Late in pregnancy the baby's body is removed from the mother except for its head. Scissors are then inserted into the base of the skull, killing the child. The brains are then vacuumed out, the head is crushed, and removed from the mother.
This is called dilation and extraction or partial-birth abortion.
Most people, if they understood the details, would call it infanticide, but it had been legal until 2003 when President Bush signed legislation that banned it. Challenges to the law wound their way through the courts until finally yesterday the Supreme Court ruled 5-4 that the law prohibiting this barbaric practice was constitutional.
How did the major candidates for President respond? All of the Republican candidates - McCain, Giuliani and Romney - praised the decision. All of the Democrats deplored it. Senator Clinton saw it as an erosion of our constitutional rights. Senator Obama said that he strongly disagreed with the Court's ruling. John Edwards said he could not disagree more strongly and that "This hard right turn [!] is a stark reminder of why Democrats cannot afford to lose the 2008 election. Too much is at stake - starting with, as the Court made all too clear today, a woman's right to choose."
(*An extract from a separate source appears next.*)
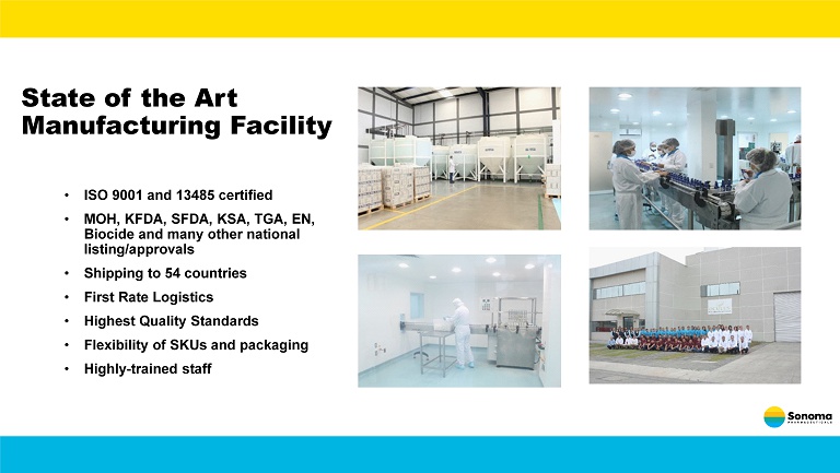 State of the Art Manufacturing Facility • ISO 9001 and 13485 certified • MOH, KFDA, SFDA, KSA, TGA, EN, Biocide and many other national listing/approvals • Shipping to 54 countries • First Rate Logistics • Highest Quality Standards • Flexibility of SKUs and packaging • Highly - trained staff

Indeed. In the last year from which statistics are available, 2000, there were 2200 of these gruesome procedures. Edwards is telling us that if a Democrat is elected president in '08 the next Supreme Court justice to be nominated will be one who thinks partial-birth abortion is just fine. Perhaps this is why some people are saying that the Democrats have embraced the culture of death.
This is also why elections matter and why it matters whether Republicans or Democrats control the levers of power. Both of George Bush's Supreme Court appointees voted to uphold the law banning this procedure but now that the Democrats control the judiciary committee there's very little chance that a like-minded justice will be appointed to fill the next opening.